Referring to fig. 4, which is a second cross-sectional view of an atomization device according to an embodiment of the present invention, in some alternative embodiments, the atomization device further includes a fan assembly 40, the fan assembly 40 is disposed in the housing 10 and is communicated with the evaporation chamber 12 through an air pipe, an air flow generated by the fan assembly 40 enters the evaporation chamber 12 through the air pipe, and then drives hot mist of the evaporation chamber 12 to be ejected out of the housing 10 from the mist outlet channel 121, so as to improve a thermal mist diffusion range, improve effects of humidification and heating, and improve user experience. In addition, in the present embodiment, a check valve 42 is disposed at an end of the air pipe 41 extending into the evaporation chamber 12, the check valve 42 is rotatably connected to the air pipe 41, after the fan assembly 40 generates air flow, the air flow blows the check valve 42 up, so that the check valve 42 opens the air pipe 41, and when the fan assembly 40 stops operating, the check valve 42 rotates to a position closing the air pipe 41 by gravity, so as to prevent the vapor in the evaporation chamber 12 from flowing back into the air pipe 41.
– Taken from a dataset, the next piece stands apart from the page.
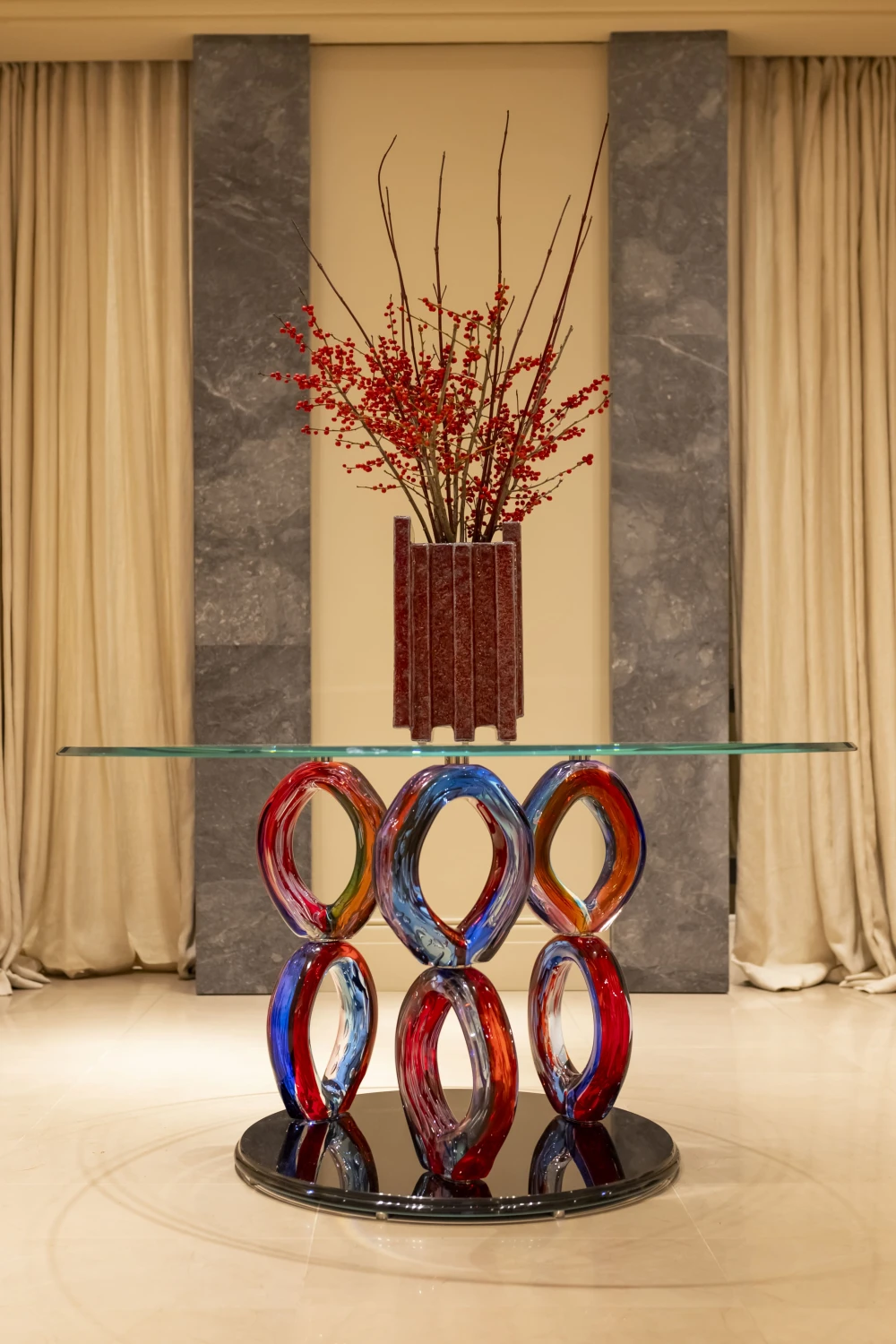 Reflex специализируется на работе с мурманским стеклом, умело сочетая его с мрамором, деревом и металлом. Среди последних моделей бренда — зеркало Dreamcatcher, украшенное расписанными вручную стеклянными бабочками, и придиванные столики Fiore с тонким подстольем из хромированного металла и столешницей в форме цветка, доступной в разных оттенках — от белого и черного до оттенков янтаря и изумрудов. Также в шоуруме в ГУМе можно найти коллекцию кофейных столиков Tau Murano, стол Neolitico с причудливым волнообразным основанием и обеденный круглый стол Venezia с ножками из цветного стекла, созданный специально для Bosco Casa по мотивам одноименной консоли.

Because some inorganic salt exists in the mist droplets of the water mist, inorganic deposition is easy to form scale on the evaporation surface 21 after the mist droplets are evaporated, the heat transfer is affected by the scale, and the heating effect of the evaporation surface 21 is reduced, therefore, in some alternative embodiments, a scale storage chamber 13 is further arranged in the shell 10, the scale storage chamber 13 is arranged below the liquid storage chamber 11 and is communicated with a water outlet 122 arranged at the bottom of the liquid storage chamber 11, when the mist droplets are not evaporated, the inorganic salt on the evaporation surface 21 can be driven to leave the evaporation surface 21, so that the deposition of the scale on the evaporation surface 21 is avoided, the scale storage chamber 13 can collect liquid containing the inorganic salt, and after the scale storage chamber 13 is collected to a certain degree, a user can clear the liquid in the scale storage chamber 13.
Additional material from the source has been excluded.